I also sometimes forget in the morning, or am too lazy to re-apply
Although I usually use a factor there are also days when I am mainly indoors and don’t feel like applying an extra layer. And that’s what I am trying to share with you: build up a routine in the months when it is necessary and in the remaining months do what feels best for you. And I even get it wrong now and then. Sometimes I forget my sun cream, sometimes I under estimate the strength of the sun and sometimes I’m just too lazy to re-apply. That’s just life; just like once in a while going to bed too late, drinking one too many wines or finishing off that whole packet of sweets.
But how is vitamin D production affected? That little bit of sun is, in fact, important in Winter or not?

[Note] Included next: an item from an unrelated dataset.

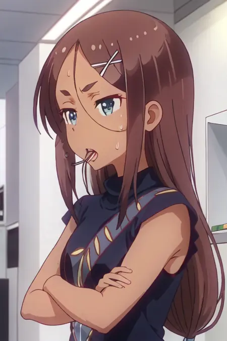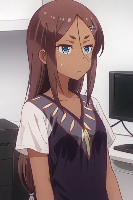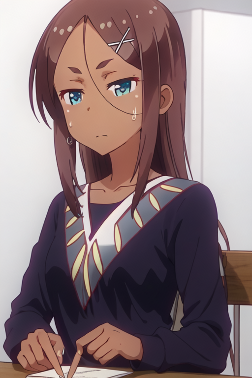 触发词为 ahagon_umiko_newgame,推荐标签为:best quality, masterpiece, highres, solo, {ahagon_umiko_newgame:1.15}, brown_hair, long_hair, dark_skin, dark-skinned_female, hair_ornament, blue_eyes, x_hair_ornament, hairclip

An appropriate question is indeed, how does it affect the production of vitamin D? It seems a bit like choosing the lesser of two evils. On the one hand you want to protect yourself from the sun and the reduce the risk of skin cancer. But in that case you may be handing in the production of vitamin D (you can read more in this blog) with all possible consequences. And the advice, therefore, not applying sun cream until the UV index reaches 3 is based on that last point. Yet it’s good to know that the way in which we apply it (not as thickly as we should) will still produce vitamin D. And in any case there is no sun cream that blocks out the UV rays one hundred percent. Some always reaches the skin. As well as that, one person makes vitamin D more easily than another. Vitamin D deficiency even occurs in countries which are sunny all year round.
Just enjoy the sun
Sufficient vitamin D intake via diet is the best of course, but in practise that often seems to be difficult. It is specifically important for children, the elderly, people with coloured skin and pregnant women to supplement the diet. But I myself would, in fact, advise everyone to take extra vitamin D. An even better way is to get your vitamin D amount checked now and again. And at the same time protect your skin as much as possible from sun damage. And don’t worry too much if you don’t always manage it.
All the information and awareness about the risks will almost make you forget to enjoy the sun otherwise. And that is something you should do. Even if it is only to make you happy. I hope that it is going to be sunny in the next few days; not only for you in the Netherlands but also in Lapland. I would love to see the Northern Lights and, for that, a clear sky is necessary. Fingers crossed!